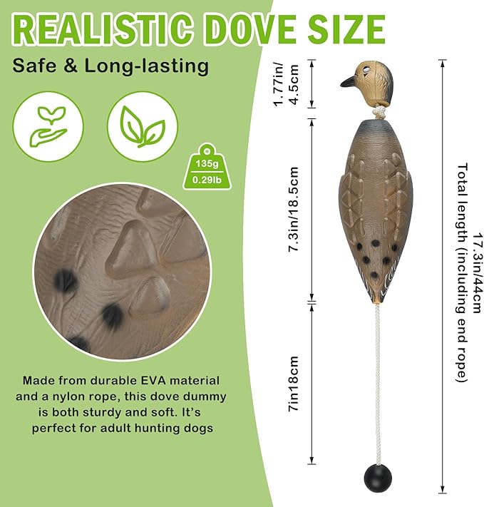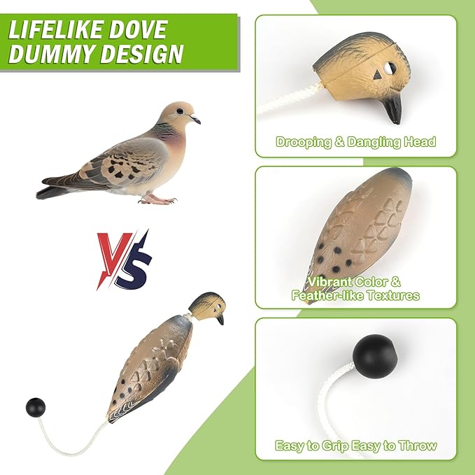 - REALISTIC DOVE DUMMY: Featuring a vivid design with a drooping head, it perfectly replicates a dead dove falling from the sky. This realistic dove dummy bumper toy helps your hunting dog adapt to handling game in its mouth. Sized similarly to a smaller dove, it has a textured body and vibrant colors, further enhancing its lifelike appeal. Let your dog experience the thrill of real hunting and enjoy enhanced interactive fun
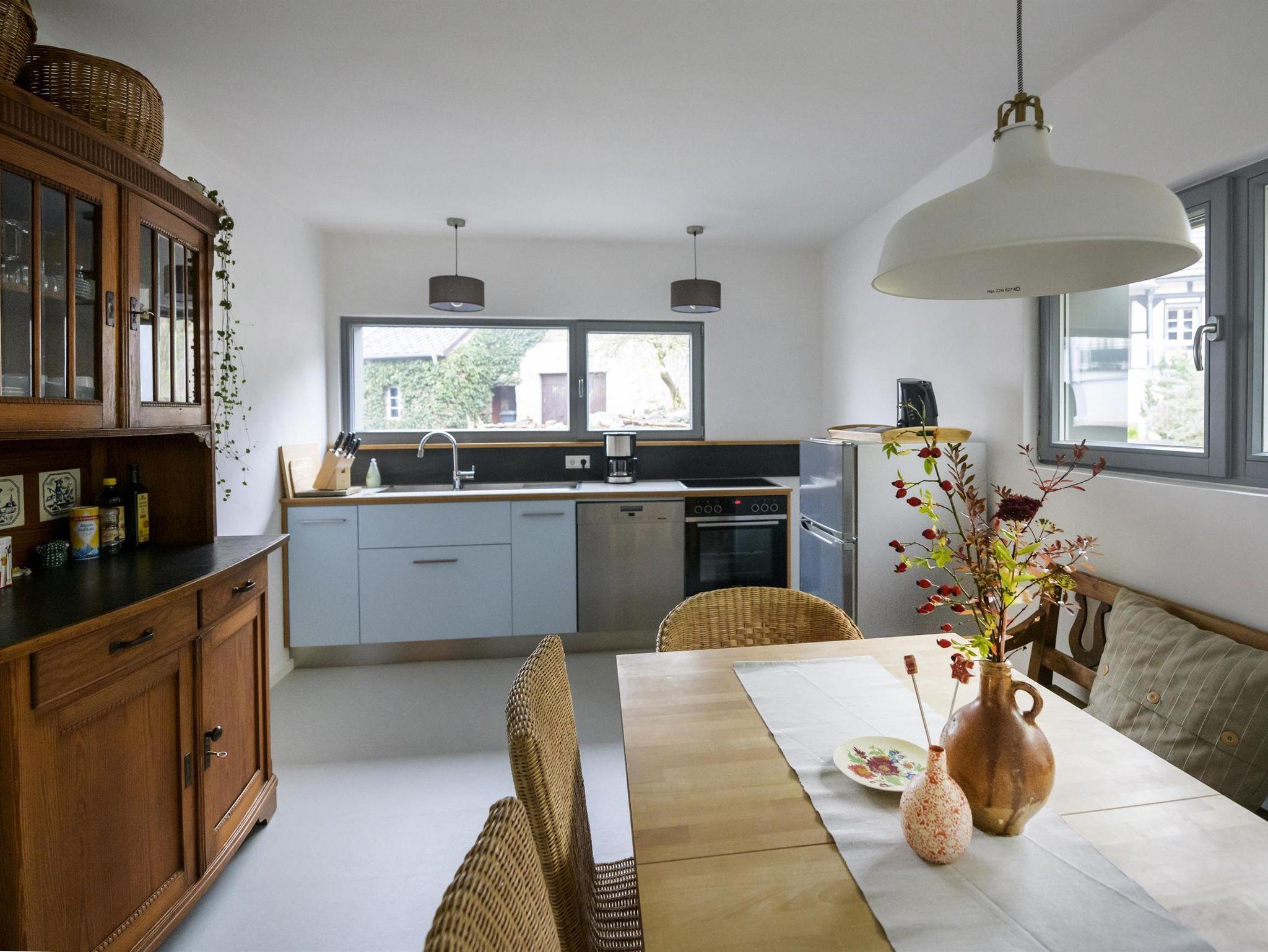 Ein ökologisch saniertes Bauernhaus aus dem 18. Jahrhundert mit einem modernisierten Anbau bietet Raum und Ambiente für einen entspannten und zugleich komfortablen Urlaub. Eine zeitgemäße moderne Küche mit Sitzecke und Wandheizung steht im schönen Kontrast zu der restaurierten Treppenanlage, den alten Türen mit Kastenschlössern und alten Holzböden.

* * *

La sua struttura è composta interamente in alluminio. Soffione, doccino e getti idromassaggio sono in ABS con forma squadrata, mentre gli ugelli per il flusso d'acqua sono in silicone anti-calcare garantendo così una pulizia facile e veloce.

* * *

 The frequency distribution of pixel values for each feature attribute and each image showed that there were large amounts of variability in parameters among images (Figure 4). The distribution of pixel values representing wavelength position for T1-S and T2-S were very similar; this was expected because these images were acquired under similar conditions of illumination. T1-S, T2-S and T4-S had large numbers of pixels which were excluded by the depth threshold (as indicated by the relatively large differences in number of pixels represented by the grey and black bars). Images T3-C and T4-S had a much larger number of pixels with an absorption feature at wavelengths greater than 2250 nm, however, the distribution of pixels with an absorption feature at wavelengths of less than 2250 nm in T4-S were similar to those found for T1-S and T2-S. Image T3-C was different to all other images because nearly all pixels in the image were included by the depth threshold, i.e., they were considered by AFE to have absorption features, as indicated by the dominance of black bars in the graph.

# TASK INSTRUCTIONS
Return only the stretch above from the line containing "- REALISTIC DOVE" through the line containing "Ein ökologisch saniertes", word for word and without pictures.

# EXERCISE OUTPUT
 - REALISTIC DOVE DUMMY: Featuring a vivid design with a drooping head, it perfectly replicates a dead dove falling from the sky. This realistic dove dummy bumper toy helps your hunting dog adapt to handling game in its mouth. Sized similarly to a smaller dove, it has a textured body and vibrant colors, further enhancing its lifelike appeal. Let your dog experience the thrill of real hunting and enjoy enhanced interactive fun
 Ein ökologisch saniertes Bauernhaus aus dem 18. Jahrhundert mit einem modernisierten Anbau bietet Raum und Ambiente für einen entspannten und zugleich komfortablen Urlaub. Eine zeitgemäße moderne Küche mit Sitzecke und Wandheizung steht im schönen Kontrast zu der restaurierten Treppenanlage, den alten Türen mit Kastenschlössern und alten Holzböden.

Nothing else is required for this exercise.